I primi abitanti di Cogne provenivano dalla Val Soana e al Crèt costruirono una chiesa. Dopo tempo decisero di scendere a valle, ove oggi sorge l’attuale Cogne, stanziandosi definitivamente.
I motivi di questo spostamento sono probabilmente da ricercarsi nell’attività estrattiva di Cogne, già presenti in epoca romana ma con certezza attiva nel medioevo.

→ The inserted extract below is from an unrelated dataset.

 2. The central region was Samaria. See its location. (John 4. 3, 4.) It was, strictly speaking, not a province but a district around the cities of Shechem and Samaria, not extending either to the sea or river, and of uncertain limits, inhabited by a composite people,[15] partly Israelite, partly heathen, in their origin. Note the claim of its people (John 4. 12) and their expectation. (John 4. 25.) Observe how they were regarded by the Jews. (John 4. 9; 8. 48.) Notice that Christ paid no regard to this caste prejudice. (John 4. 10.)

L’attività di estrazione interessò non unicamente Cogne ma anche tutta la Valle d’Aosta, con uno sviluppo particolarmente importante durante il Seicento e il Settecento. Erano i secoli delle guerre tra gli stati sabaudi e il metallo era fondamentale per le munizioni dei soldati.
In periodo più recente fu proprio l’attività estrattiva a creare un conflitto tra il vescovo d’Aosta, da antico feudo vescovile, e la comunità locale.
Importante nella storia mineraria di Cogne il medico Grappein che, nell’Ottocento, fece costruire una strada per il trasporto di materiale.

Nel secolo successivo nasce la Società anonima Miniere di Cogne che invece sceglie di trasportare il materiale a valle utilizzando le teleferiche. La società venne poi acquisita, nel 1917, dalla Ansaldo.
E’ il 1927 quando nasce la Società Anonima Nazionale Cogne, a partecipazione statale, diventando una azienda dello stato fascista, garantendosi importanti forniture belliche.
Negli anni Cinquanta dello scorso secolo inizia invece il declino, che porterà prima all’abbandono delle gallerie superiori fino ad arrivare alla chiusura, nel 1966, della miniera di La Thuile e poi, nel 1979, anche quella di Cogne.

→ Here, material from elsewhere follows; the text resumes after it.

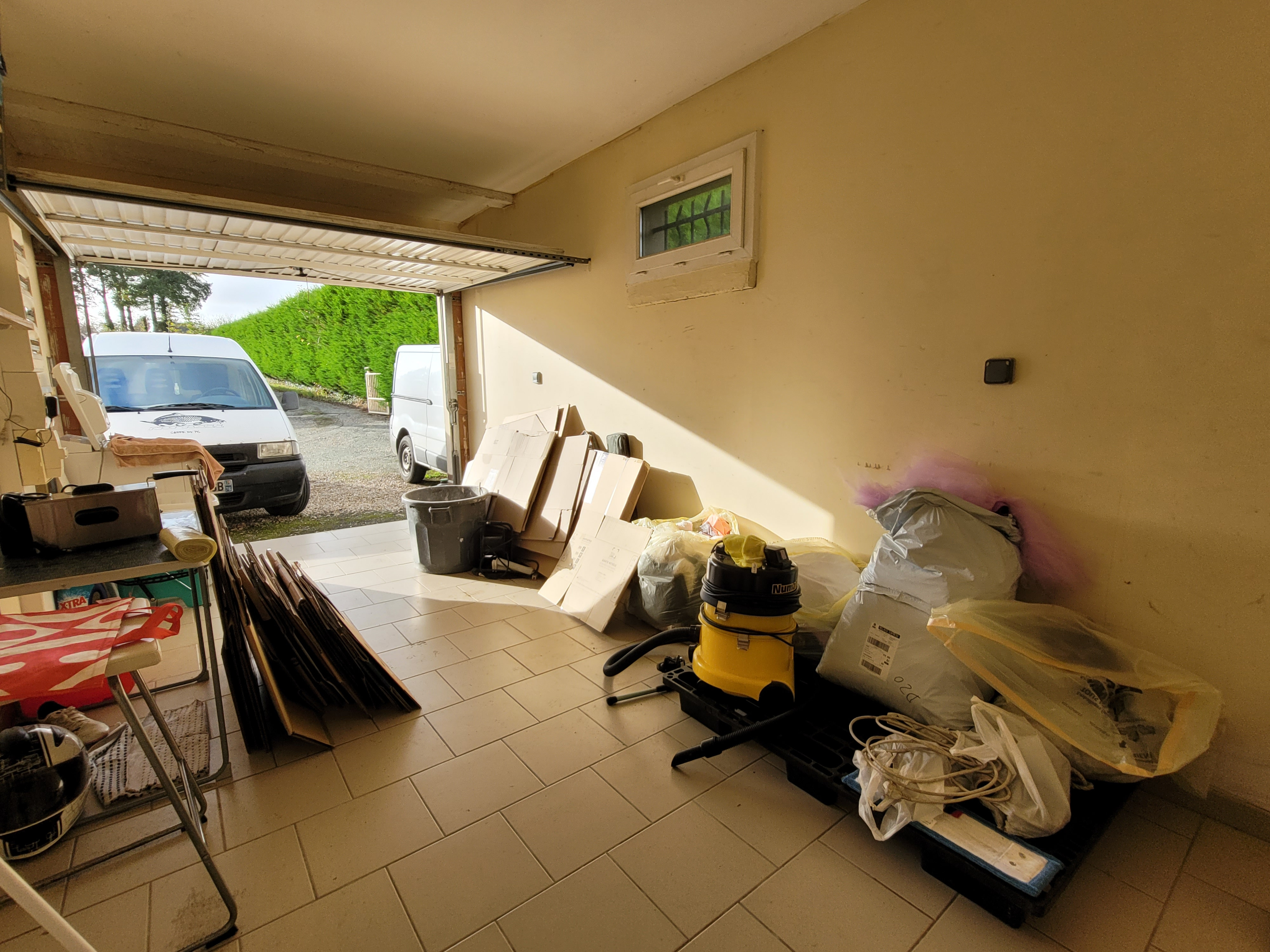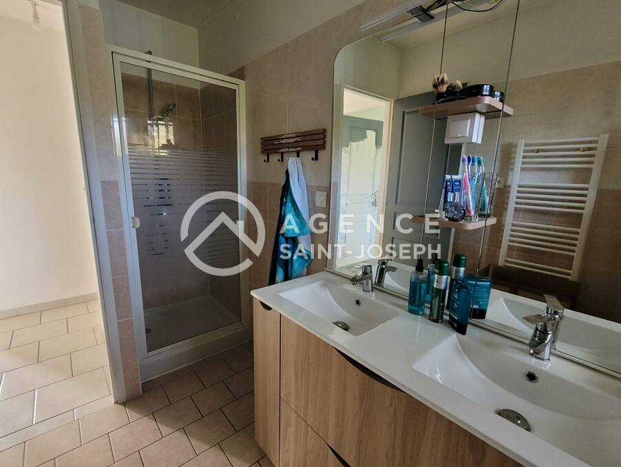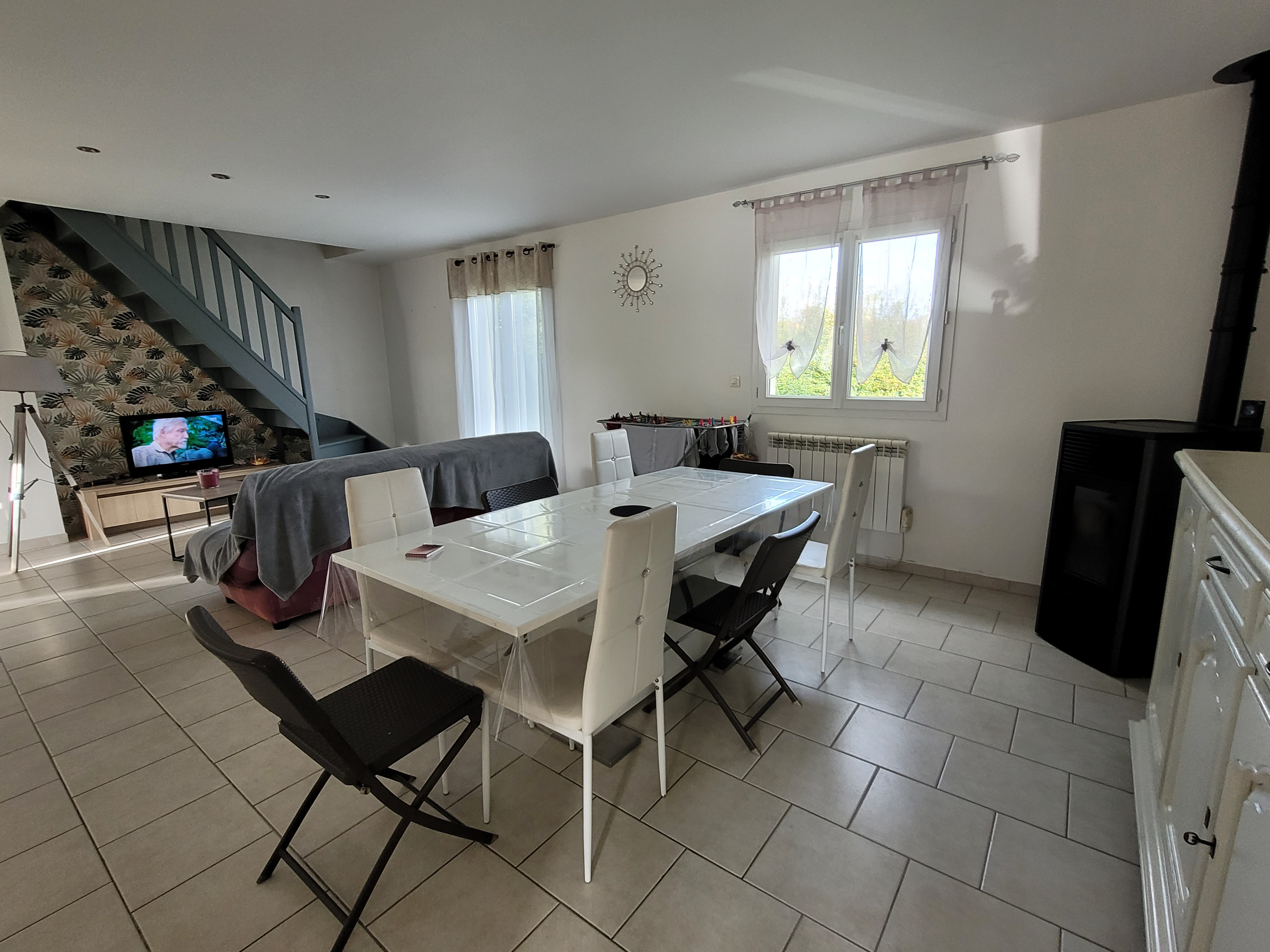- au rez-de-chaussée : une entrée avec rangement, une pièce de vie (46,32 m²) composée d'un séjour avec poêle à granulés et d'un coin cuisine aménagée et équipée (four, plaque gaz, hotte), un wc, une salle de bains (avec douche, baignoire et double vasque), une buanderie et un grand cellier, et trois chambres (de 9,74 m², 9,57 m² et 9,46 m²) ;

Oggi è il turismo è la principale attività commerciale, grazie anche alle tante seconde case e alberghi presenti nel territorio.

Visita alla miniera di Cogne

Cosa vedere a CogneOggi che la magnetite non è più l’attività principale di Cogne, è tuttavia possibile fare una escursione di mezza giornata, accompagnati da una guida, all’interno della miniera di Cogne. L’ingresso avviene da Costa del Pino, a 2030 metri di altitudine, che rendono la miniera di magnetite di Cogne tra le più alte di tutta Europa.

Al suo interno i visitatori potranno percorrere parte di 100 km di gallerie con i relativi impianti. La visita avviene su un trenino d’epoca con i tipici carrelli a rimorchio che faranno entrare ancora di più nella tipica atmosfera dei minatori.
La visita è organizzata ogni giorno, lunedì escluso, tra maggio e ottobre.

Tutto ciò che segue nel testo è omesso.